に変更する(シングルクォート ' ではなくバッククォート ` になっていることに注意)。これだけでもさっきと結果が変わっているはず。cygpathはcygwin用のパスをWindows用に変換したりその逆をしたりしてくれるコマンド。これによりjava.exeがjarを見つけられるようになる。ためしに実行してみると

ERROR Exception \tmp\sugarXXXX.cnf (指定されたパスが見つかりません。)

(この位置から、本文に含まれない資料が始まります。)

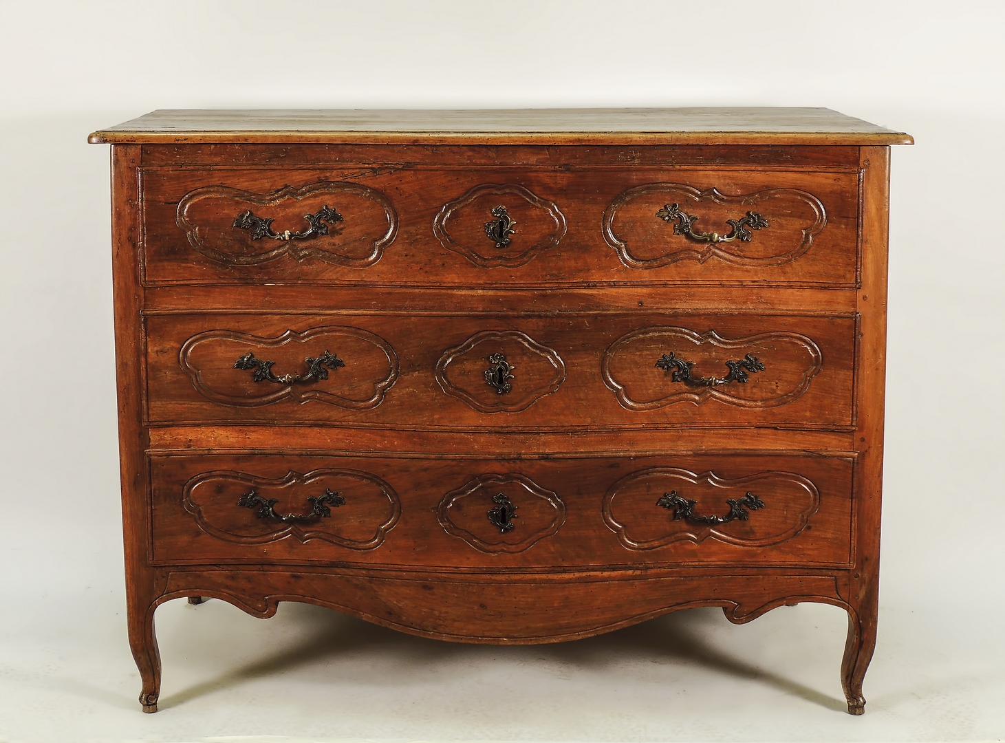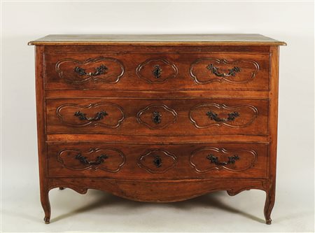 CASSETTONE IN NOCE - WALNUT COMMODE XIX secolo - 19th Century tre cassetti con formelle sagomate sul fronte leggermente mosso, pendaglina mossa, piedi a ricciolo, simile al precedente h cm 99x132,5x58
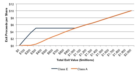 Even under the relatively disappointing $400 million exit scenario, the Scenario E shareholders are entitled to return of their investment, or $5.00 per share, while the proceeds to more subordinate classes range from $1.14 per share to $3.00 per share. The following chart depicts the superiority of the proceeds for Series E preferred shares to Series A shares over enterprise exit values less than $1.0 billion:

などと出ている。これもjavaが入出力用のファイルを見つけられていないからである。そこで、sub javaに渡されている$argsの中身を直さなければならない。javaを呼び出している箇所を(&javaで検索して)調べるとconvertとtranslateとencodeとdecodeの四か所ある。なので、それぞれの中で$argにファイル名を格納している場所を同様に変更すればよい。通常の用途ならencodeとdecodeだけ変更すればよいはず。すなわちencodeについては、sub encodeの中の

$arg .= " -encode '$csp_file' '$sat_file' '$map_file'";

$arg .= " -encode `cygpath -w $csp_file` `cygpath -w $sat_file` `cygpath -w $map_file`";

と変更し、decodeについてはsub decodeの中の

$arg .= " -decode '$out_file' '$map_file'";

$arg .= " -decode `cygpath -w $out_file` `cygpath -w $map_file`";

と変更する。

そうすると今出てるエラーはsatソルバー(最初のほうのmy $solver0 = "xxx";に書いてあるもの)が見つからないというものになっているはず。そこで3.で得たminisatの実行ファイルをminisat.exeという名前に変えてcygwinのusr/local/binとかに入れ、

my $solver0 = "minisat";

に変える。あるいは先ほどのようにスクリプトと同じフォルダにminisatを入れて

my $solver0 = "$FindBin::Bin/minisat";

としてもよい。これで動くはず。動かなかったらコメントとかで教えてください。

なお、パスの変換とかをしてる関係で、入出力に関連するファイル・フォルダに半角スペースが入っていると動かない可能性が高いので注意。